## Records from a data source

• • • •

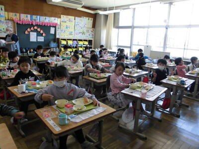 給食当番や係の仕事、お友達給食など、自分の役割を責任をもってやり遂げる姿は、1年生として大変立派でした。
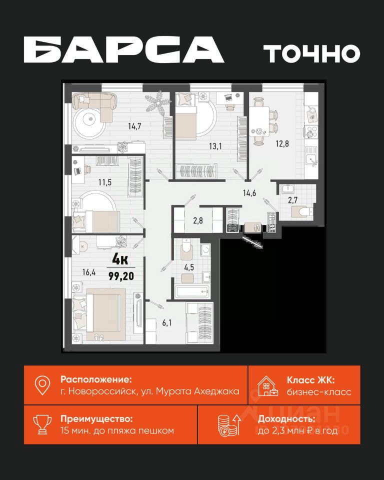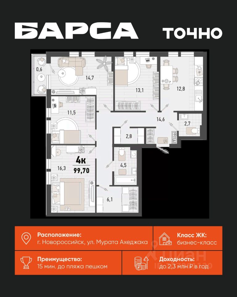 Жилой комплекс ''Барса'' расположился в самом живописном Южном районе Новороссийска, всего в 15 минутах ходьбы от пляжа ''Алексино''. Море будет видно даже из окон невысоких этажей. Проект объединяет просторные квартиры с панорамными окнами, продуманные зоны отдыха и площадки для спорта, прогулочный бульвар, беседки и уникальные арт-объекты. В жилом комплексе запланированы детский сад на 380 мест и школа на 1 750 мест. Больше не нужно выбирать между жизнью на курорте и в мегаполисе. ''Барса'' — новый проект для безупречной жизни людей на побережье!
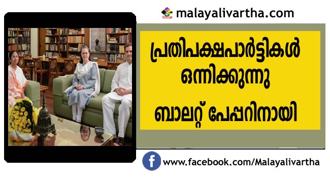തിരഞ്ഞെടുപ്പില് ഇലക്ട്രോണിക് വോട്ടിങ് മെഷീനു പകരം ബാലറ്റ് പേപ്പറുകള് ഉപയോഗിക്കണമെന്ന ആവശ്യവുമായി പ്രതിപക്ഷപാര്ട്ടികളെ ഒരുമിപ്പിച്ച് മമത ബാനര്ജി
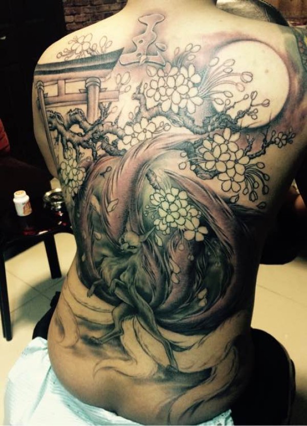 满背好看的樱花九尾狐纹身
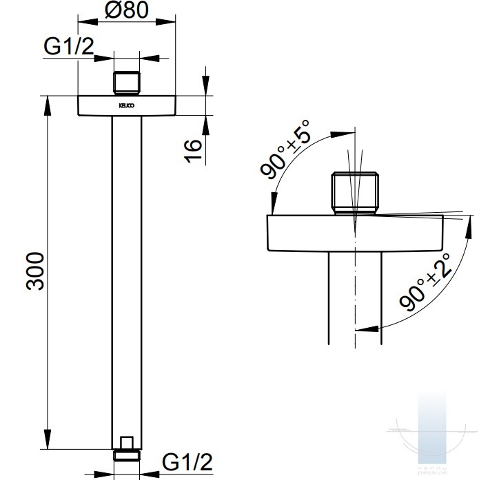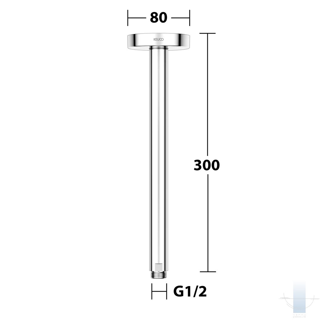 KEUCO Round Ceiling dušas galvas turētājs 300 mm, Hroms
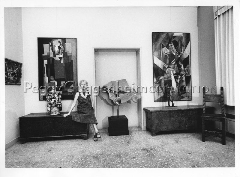 Peggy Guggenheim nella sala da pranzo di Palazzo Venier dei Leoni; alle sue spalle (da sinistra a destra) Giacomo Balla, "Velocità astratta + rumore" (1913-14, PGC), Louis Marcoussis, "L'Habitué" (1920, PGC), una maschera della sua collezione di sculture africane, Umberto Boccioni, "Dinamismo di un cavallo in corsa + case" (1914-15, PGC), Albert Gleizes, "Donna con animali (Madame Raymond Duchamp-Villon)" (1914, PGC), Julio González, "L'uomo cactus I" (1939, PGC); Venezia, 1962
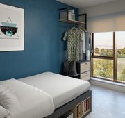 Our 29.1m² Premium Studio provides ample space with a comfortable double bed, modern furnishings, a study area, and plenty of storage, including an open and closed wardrobe. The en-suite bathroom ensures privacy, and the private kitchen, lounge and dining area are ideal for relaxing and entertaining. Enjoy your Samsung TV while staying comfortable with air conditioning. Furthermore, the premium studio offers stunning views of Stoke Park to the south-east. Beyond your room, Guilden Village has incredible amenities like a rooftop terrace with incredible views, a cinema room, and a gym.
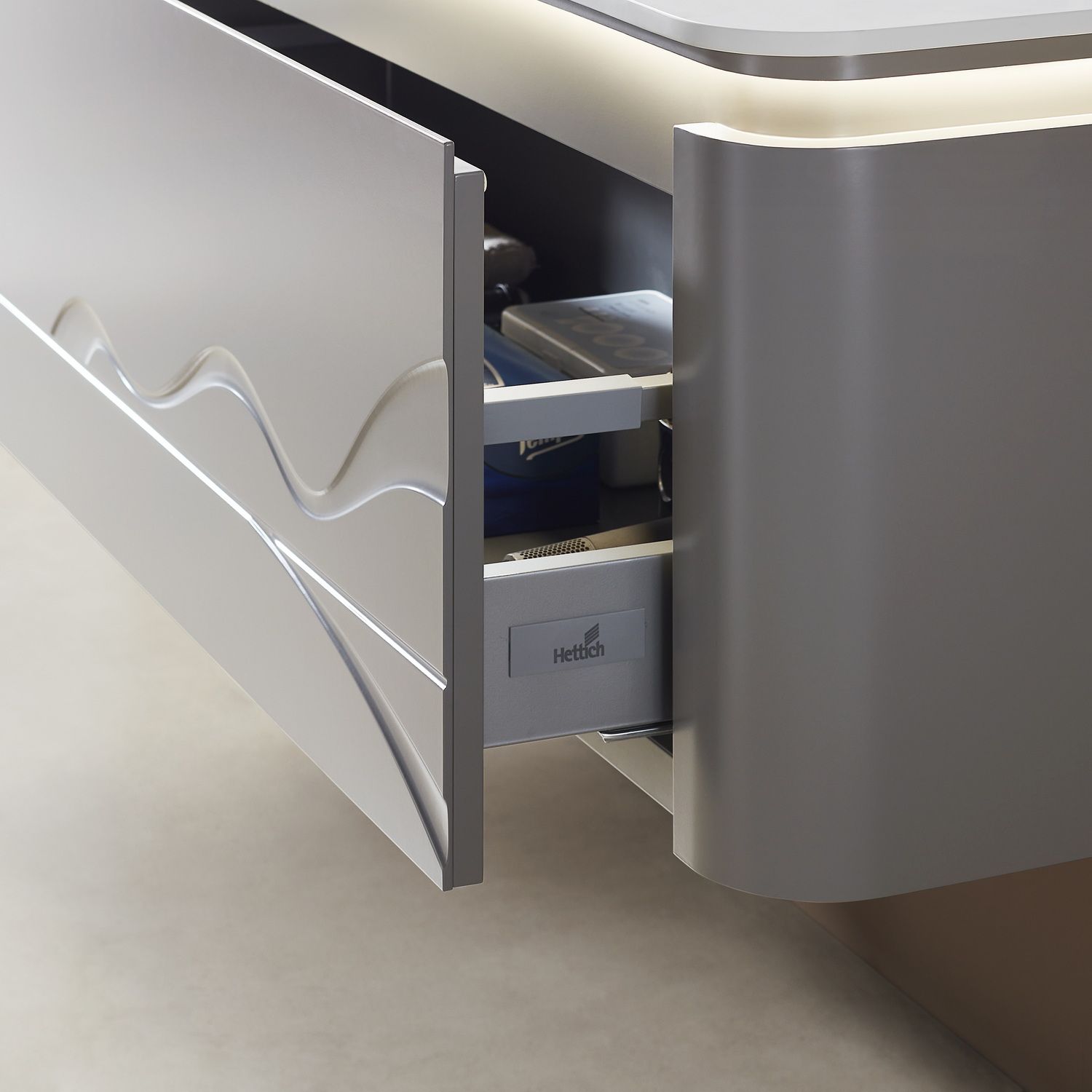 Изделие реализовано в совершенно новом векторе развития. База изготовлена из нержавеющей стали SuS 304 с интегрированной сотовой структурой алюминия для шумоподавления и дополнительной прочности, а также антикоррозионный слой для препятствия воздействию кислоты и щелочи с финальным нанесением покраски. Раковина — столешница изготовлена из искусственного камня на основе природных минералов — Corian. Данный материал не обладает пористостью и тактильно ощущается как soft touch . Концепция чаши со смещением в левую сторону в форме острой капли с плавным переходом на фасад тумбы, донный клапан идет в комплекте. Для хранения предусмотрен один выдвижной ящик с высоким фасадом, оснащенный фурнитурой открывания Hettich с доводчиками. Комплект поставляется вместе с круглым зеркалом с контурной диодной подсветкой и функцией антизапотевания, а также настенной полочкой из нержавеющей стали.

• • • •

Word for word, retype the lines in the entries above that run from the one with "KEUCO Round Ceiling" through the one with "Peggy Guggenheim nella". Both ends count; pictures do not.

## RESULT BELOW
 KEUCO Round Ceiling dušas galvas turētājs 300 mm, Hroms
 Peggy Guggenheim nella sala da pranzo di Palazzo Venier dei Leoni; alle sue spalle (da sinistra a destra) Giacomo Balla, "Velocità astratta + rumore" (1913-14, PGC), Louis Marcoussis, "L'Habitué" (1920, PGC), una maschera della sua collezione di sculture africane, Umberto Boccioni, "Dinamismo di un cavallo in corsa + case" (1914-15, PGC), Albert Gleizes, "Donna con animali (Madame Raymond Duchamp-Villon)" (1914, PGC), Julio González, "L'uomo cactus I" (1939, PGC); Venezia, 1962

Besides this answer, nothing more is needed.